### How to complete this task
The result should be an exact copy of every record, with no pictures kept.

### Data under study
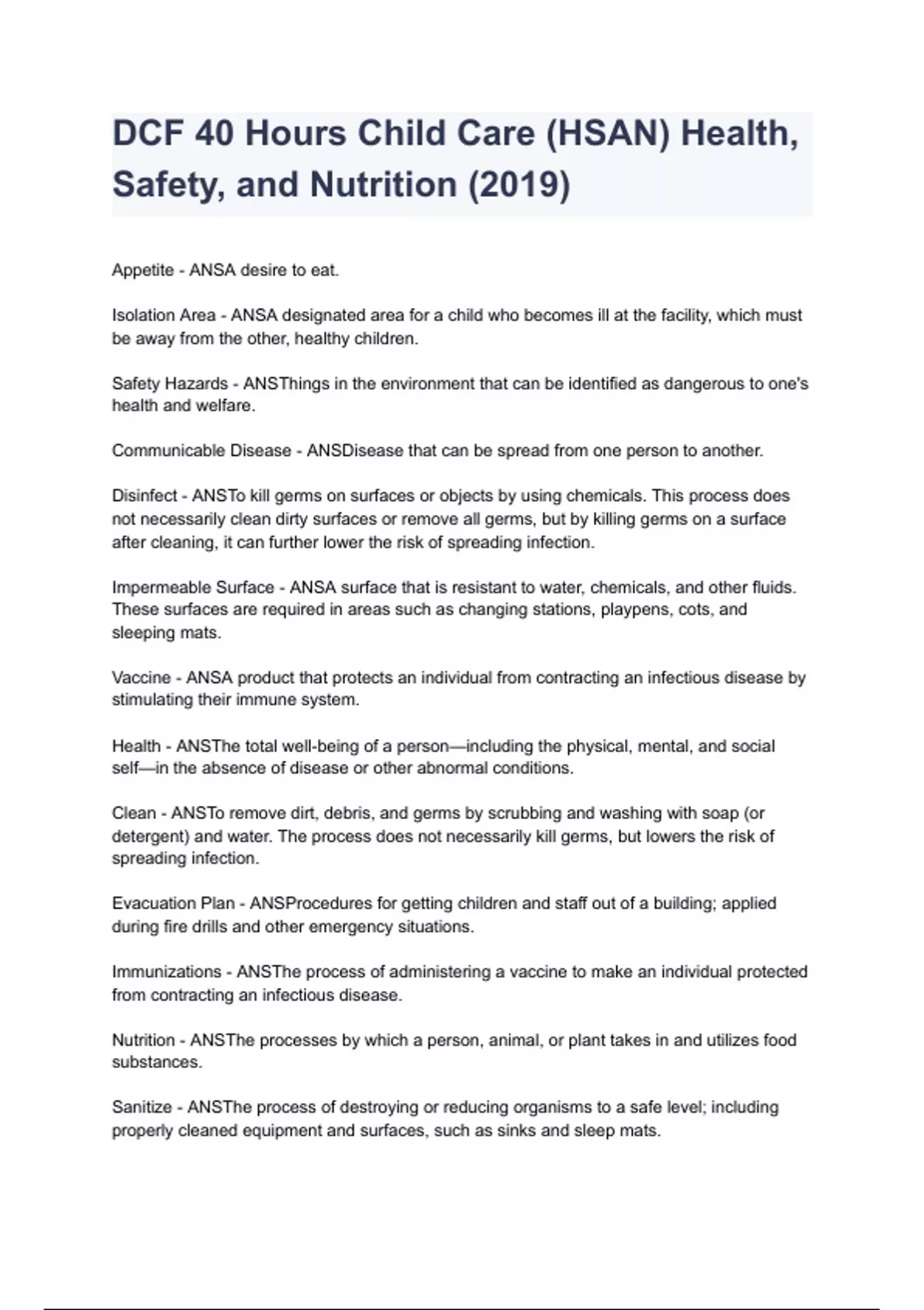DCF 40 Hours Child Care (HSAN) Health, Safety, and Nutrition (2019)GRADED A+
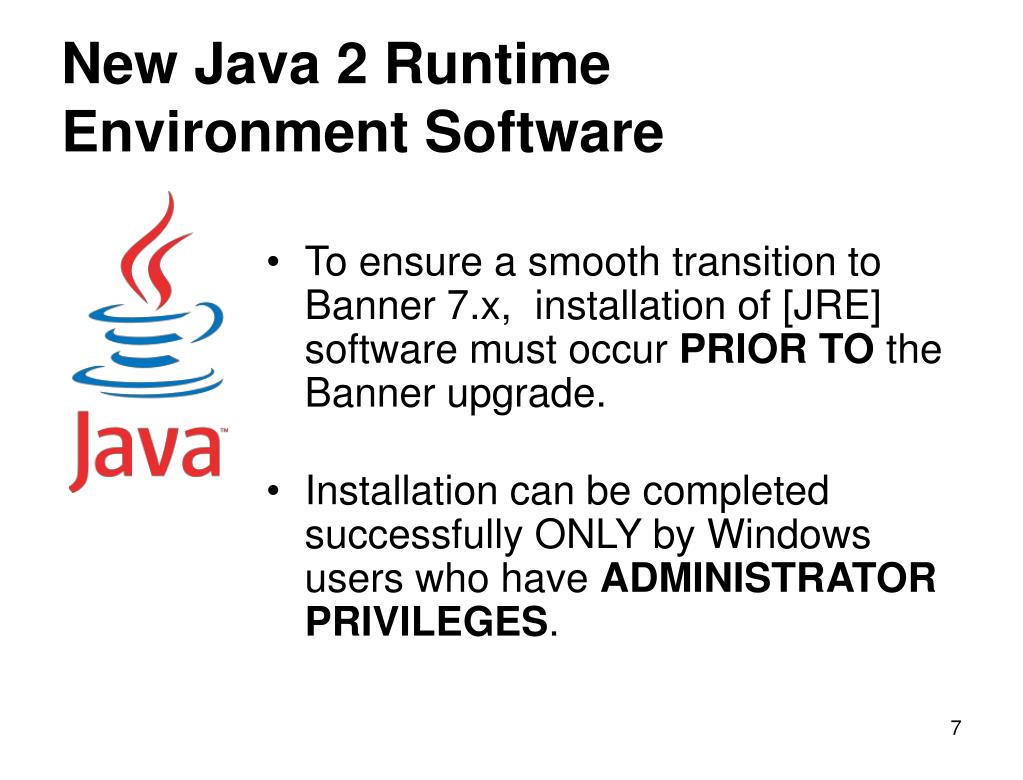 New Java 2 Runtime Environment Software • To ensure a smooth transition to Banner 7.x, installation of [JRE] software must occur PRIOR TO the Banner upgrade. • Installation can be completed successfully ONLY by Windows users who have ADMINISTRATOR PRIVILEGES.
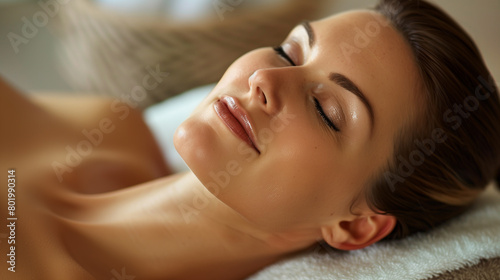 Caucasian woman's rest after spa treatments on a blurred natural background.
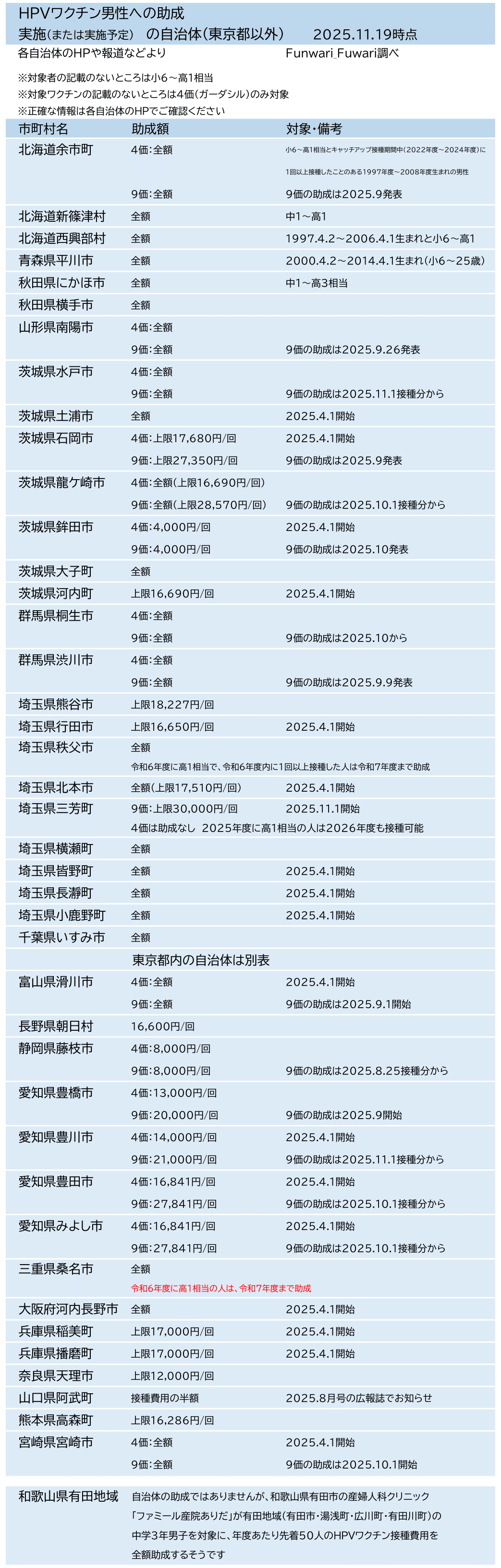 自治体の助成ではありませんが、和歌山県有田市の産婦人科クリニック「ファミール産院ありだ」さんが有田地域の中学3年男子を対象に、年度あたり先着50人のHPVワクチン接種費用を全額助成するそうです。HPVワクチン 男性への任意接種開始 有田の産院 中3には全額助成も /和歌山
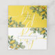 Ce design présente un arrangement élégant mais simple des initiales personnalisées de la mariée et du marié encadrées par des illustrations vintages d'agrumes et de citrons. Le texte est placé au-dessus des initiales du prénom de la mariée et du marié qui sont affichées dans la typographie jaune. Ce design jaune, blanc et vert est simple mais élégant dans tous les sens. Le verso affiche un arrière - plan jaune citron avec les initiales en blanc et les accents d'agrumes au-dessus et au-dessous. Le mélange des couleurs crée un style chic, tendance et sophistiqué. Design élégant de carte de lieu de mariage avec des éléments modernes. Des invitations de mariage et des articles de papeterie sont également disponibles.
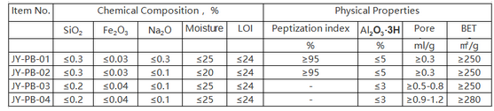Also known as alumina monohydrate, boehmite, English name: Pseudo Boehmite, AlOOH·nH2O, n=0.08~0.62, non-toxic, tasteless, odorless, white colloid (wet product) or powder (dry), with high crystal phase purity, good peptization performance, strong adhesion, high specific surface, large pore volume, etc., and its hydrated state is a thixotropic gel.
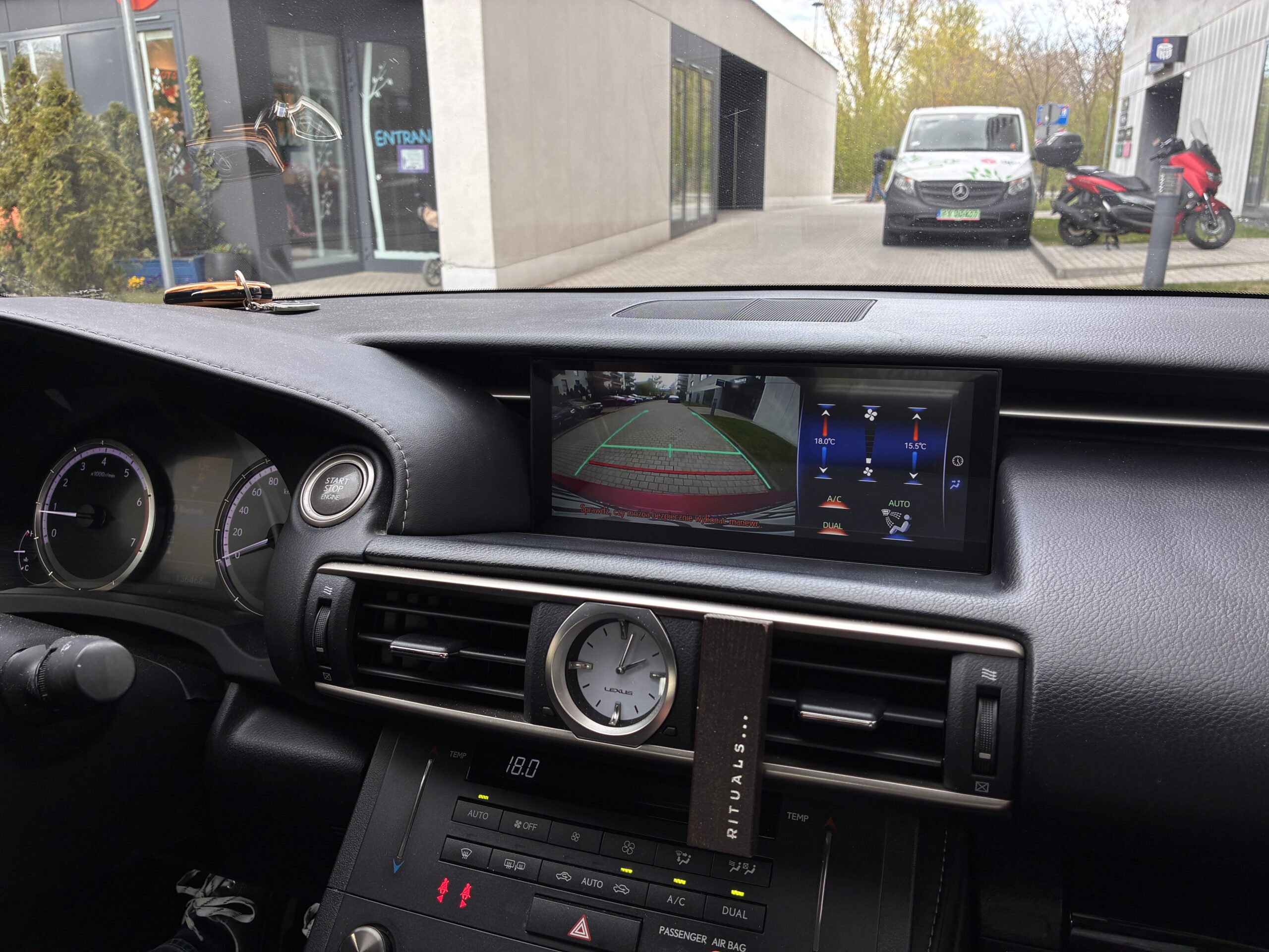 Poniżej fabryczna kamera cofania w Lexusie na większym i dotykowym ekranie
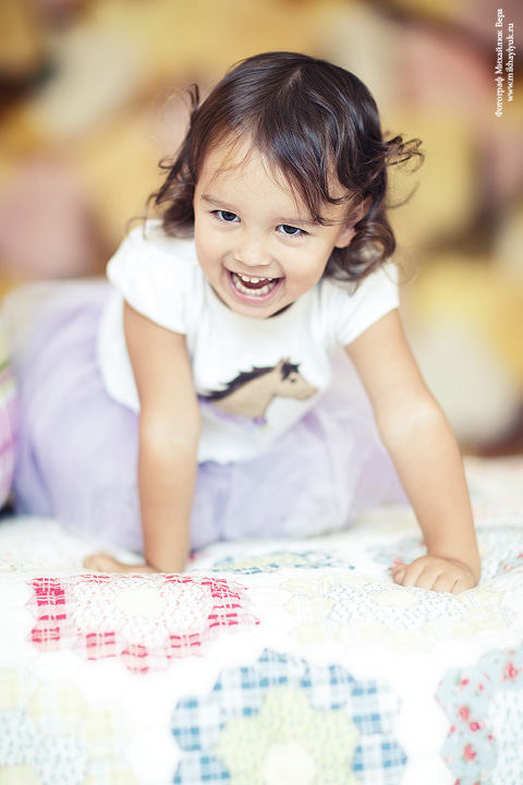 А можно вопрос: в какое время съемку делали? На кровати - свет только от окна? Как Вам там освещение показалось? Я в "детях" сделала несколько съемок (первый раз в студии снимала), и, как мне кажется - не вытянула технически:( (Фотографии у меня получились темноватыми, и вообще на студийные не похожи))) А вот с "сеновалом" все как раз окей...
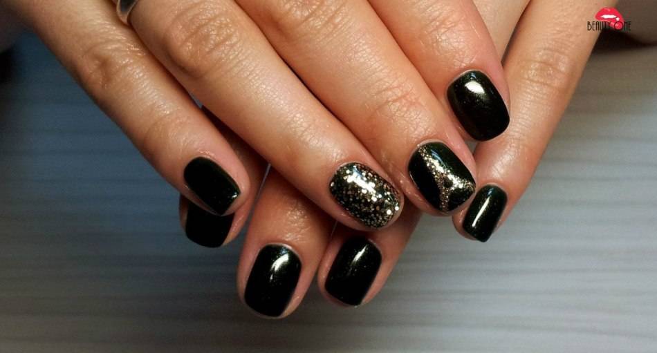 Черные ногти с блестками, фото маникюра

### Response to the exercise
DCF 40 Hours Child Care (HSAN) Health, Safety, and Nutrition (2019)GRADED A+
 New Java 2 Runtime Environment Software • To ensure a smooth transition to Banner 7.x, installation of [JRE] software must occur PRIOR TO the Banner upgrade. • Installation can be completed successfully ONLY by Windows users who have ADMINISTRATOR PRIVILEGES.
 Caucasian woman's rest after spa treatments on a blurred natural background.
 自治体の助成ではありませんが、和歌山県有田市の産婦人科クリニック「ファミール産院ありだ」さんが有田地域の中学3年男子を対象に、年度あたり先着50人のHPVワクチン接種費用を全額助成するそうです。HPVワクチン 男性への任意接種開始 有田の産院 中3には全額助成も /和歌山
 Ce design présente un arrangement élégant mais simple des initiales personnalisées de la mariée et du marié encadrées par des illustrations vintages d'agrumes et de citrons. Le texte est placé au-dessus des initiales du prénom de la mariée et du marié qui sont affichées dans la typographie jaune. Ce design jaune, blanc et vert est simple mais élégant dans tous les sens. Le verso affiche un arrière - plan jaune citron avec les initiales en blanc et les accents d'agrumes au-dessus et au-dessous. Le mélange des couleurs crée un style chic, tendance et sophistiqué. Design élégant de carte de lieu de mariage avec des éléments modernes. Des invitations de mariage et des articles de papeterie sont également disponibles.
Also known as alumina monohydrate, boehmite, English name: Pseudo Boehmite, AlOOH·nH2O, n=0.08~0.62, non-toxic, tasteless, odorless, white colloid (wet product) or powder (dry), with high crystal phase purity, good peptization performance, strong adhesion, high specific surface, large pore volume, etc., and its hydrated state is a thixotropic gel.
 Poniżej fabryczna kamera cofania w Lexusie na większym i dotykowym ekranie
 А можно вопрос: в какое время съемку делали? На кровати - свет только от окна? Как Вам там освещение показалось? Я в "детях" сделала несколько съемок (первый раз в студии снимала), и, как мне кажется - не вытянула технически:( (Фотографии у меня получились темноватыми, и вообще на студийные не похожи))) А вот с "сеновалом" все как раз окей...
 Черные ногти с блестками, фото маникюра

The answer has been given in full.